私は「severity」という単語を「重大度」として用語集に登録したところ、予期せず「several」が「重大な」と翻訳される問題が発生していました。例えば、「several options」が「重大なオプション」と誤訳されるという。

同様に、「authorization」を「認可」と登録すると、「author」まで「認可」と訳されるようになってしまいました。

あざらし

機械がそんな間違え方すんの
人間の誤訳みたいやん

Ken

それからDeepLでは、日本語訳の中になぜか不自然なスペースが入ることもありますね

個人的なおすすめは…

間違いなくDeepLです。その理由を簡単にご紹介しましょう。

使い勝手の良さ

DeepLのデスクトップツールは非常に直感的。例として、TradosなどのCATツールを使用している際、Google翻訳を使用すると手間がかかります。原文のコピー、ブラウザへのペースト、そして再びCATツールへのペーストという手順が必要です。一方DeepLならば、原文を選択し、ショートカットキーを一度押すだけでDeepLでの翻訳がスタート。
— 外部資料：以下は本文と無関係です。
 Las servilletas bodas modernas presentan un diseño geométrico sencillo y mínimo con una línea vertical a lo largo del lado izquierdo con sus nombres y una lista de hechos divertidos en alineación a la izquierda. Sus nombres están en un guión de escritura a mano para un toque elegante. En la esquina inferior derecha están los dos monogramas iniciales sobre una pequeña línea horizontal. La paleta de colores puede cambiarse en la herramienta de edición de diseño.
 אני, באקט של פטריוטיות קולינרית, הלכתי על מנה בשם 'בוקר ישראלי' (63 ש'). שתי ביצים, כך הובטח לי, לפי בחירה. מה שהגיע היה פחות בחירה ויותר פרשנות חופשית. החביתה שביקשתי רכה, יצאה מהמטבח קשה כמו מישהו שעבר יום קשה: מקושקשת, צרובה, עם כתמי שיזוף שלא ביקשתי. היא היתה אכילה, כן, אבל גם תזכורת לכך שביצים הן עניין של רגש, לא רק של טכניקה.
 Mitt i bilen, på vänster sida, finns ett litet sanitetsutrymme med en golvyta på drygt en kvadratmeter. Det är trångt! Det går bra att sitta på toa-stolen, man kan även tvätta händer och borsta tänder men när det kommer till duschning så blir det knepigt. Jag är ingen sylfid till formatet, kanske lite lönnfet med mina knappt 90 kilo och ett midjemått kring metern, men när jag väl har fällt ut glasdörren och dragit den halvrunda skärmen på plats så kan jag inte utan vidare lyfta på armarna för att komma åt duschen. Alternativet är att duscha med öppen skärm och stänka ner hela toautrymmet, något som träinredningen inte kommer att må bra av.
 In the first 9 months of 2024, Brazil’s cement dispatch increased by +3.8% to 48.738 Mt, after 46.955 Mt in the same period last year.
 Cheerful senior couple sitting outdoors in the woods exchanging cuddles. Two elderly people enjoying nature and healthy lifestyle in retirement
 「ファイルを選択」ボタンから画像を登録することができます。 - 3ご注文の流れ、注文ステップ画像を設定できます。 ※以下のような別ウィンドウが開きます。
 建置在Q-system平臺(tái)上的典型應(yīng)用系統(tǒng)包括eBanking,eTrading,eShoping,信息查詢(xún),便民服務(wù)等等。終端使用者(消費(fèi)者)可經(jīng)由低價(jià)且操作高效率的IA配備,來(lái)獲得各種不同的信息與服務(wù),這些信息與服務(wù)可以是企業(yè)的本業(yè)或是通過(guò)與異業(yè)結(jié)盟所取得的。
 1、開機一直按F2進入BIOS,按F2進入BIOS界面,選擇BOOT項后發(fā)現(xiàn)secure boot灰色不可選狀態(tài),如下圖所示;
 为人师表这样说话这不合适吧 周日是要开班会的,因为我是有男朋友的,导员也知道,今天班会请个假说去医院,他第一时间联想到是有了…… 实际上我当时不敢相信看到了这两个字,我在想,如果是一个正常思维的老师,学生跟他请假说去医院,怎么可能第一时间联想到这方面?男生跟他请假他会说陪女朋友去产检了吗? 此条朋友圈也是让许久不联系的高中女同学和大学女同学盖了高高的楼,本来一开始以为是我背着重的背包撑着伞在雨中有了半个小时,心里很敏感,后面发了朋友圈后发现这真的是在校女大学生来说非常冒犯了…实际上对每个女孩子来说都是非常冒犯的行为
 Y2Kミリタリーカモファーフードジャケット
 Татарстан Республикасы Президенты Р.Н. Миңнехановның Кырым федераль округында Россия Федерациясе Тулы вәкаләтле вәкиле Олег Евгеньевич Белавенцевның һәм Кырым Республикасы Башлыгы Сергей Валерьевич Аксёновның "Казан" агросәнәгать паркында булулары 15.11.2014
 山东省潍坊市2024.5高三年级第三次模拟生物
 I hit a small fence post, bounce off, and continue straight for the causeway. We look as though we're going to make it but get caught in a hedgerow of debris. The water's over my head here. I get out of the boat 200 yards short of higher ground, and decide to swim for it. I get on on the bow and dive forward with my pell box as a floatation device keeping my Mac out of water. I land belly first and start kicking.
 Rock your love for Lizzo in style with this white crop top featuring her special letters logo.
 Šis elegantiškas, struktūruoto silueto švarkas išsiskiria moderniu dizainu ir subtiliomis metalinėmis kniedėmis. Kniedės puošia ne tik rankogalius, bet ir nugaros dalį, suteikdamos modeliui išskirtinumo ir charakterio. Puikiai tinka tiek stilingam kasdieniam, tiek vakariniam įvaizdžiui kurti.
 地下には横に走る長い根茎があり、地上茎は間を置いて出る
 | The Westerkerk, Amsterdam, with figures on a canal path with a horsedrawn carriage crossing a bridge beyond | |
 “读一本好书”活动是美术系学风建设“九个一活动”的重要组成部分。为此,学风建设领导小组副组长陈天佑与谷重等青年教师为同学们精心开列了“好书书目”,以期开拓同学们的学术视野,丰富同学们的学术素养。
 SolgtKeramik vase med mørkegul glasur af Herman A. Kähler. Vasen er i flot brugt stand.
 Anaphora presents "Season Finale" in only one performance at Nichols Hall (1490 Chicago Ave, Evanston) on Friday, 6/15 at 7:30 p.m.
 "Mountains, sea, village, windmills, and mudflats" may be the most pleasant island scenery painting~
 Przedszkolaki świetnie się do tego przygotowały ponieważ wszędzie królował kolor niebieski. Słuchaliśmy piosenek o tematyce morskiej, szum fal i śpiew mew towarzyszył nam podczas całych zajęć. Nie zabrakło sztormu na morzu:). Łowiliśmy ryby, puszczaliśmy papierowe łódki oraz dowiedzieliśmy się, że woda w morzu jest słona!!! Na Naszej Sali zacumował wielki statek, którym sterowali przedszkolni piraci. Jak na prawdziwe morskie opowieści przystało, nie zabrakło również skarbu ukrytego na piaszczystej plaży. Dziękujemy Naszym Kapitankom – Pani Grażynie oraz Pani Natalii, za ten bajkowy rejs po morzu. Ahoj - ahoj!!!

更に、出力された訳文をワンクリックでCATツールに取り込むことが可能です。

Ken

この問題はAPIを使えば解決しますが、APIの利用は少しハードルが高いので

編集の自由度

訳文の編集がDeepL上で直接可能です。更に、カーソルを合わせると他の翻訳候補も提示され、これを選択するだけで、全体の訳文が自動で調整されます。

用語集機能の強力さ

これは特に大規模プロジェクトで役立ちます。特定の単語を独自の訳語で訳す必要がある場合、DeepLではその単語と訳語を用語集に追加するだけ。例えば、”Integration” を「インテグレーション」と訳したい場合、このペアを用語集に登録すると、その後の翻訳でDeepLがこれを自動で反映してくれます。更に、”integrate”のような関連語も自動的に同じ訳語で翻訳してくれます。


ただし、DeepLの利用にあたっては注意が必要です。訳抜けが時々発生するため、どれだけ翻訳が自然に感じられても、必ず原文との比較チェックを行うことをおすすめします。また、上述したような不具合も多め。しかしその点を注意して使えば、DeepLは翻訳作業を劇的に効率化し、品質も向上させてくれます。


最後に、機械翻訳の進化は確かに素晴らしいものですが、それでも人の感性や文化的背景を理解する能力は機械にはまだ及ばない部分があります。翻訳者と機械が協働することで、より高品質な翻訳を実現する新しい時代が幕を開けています。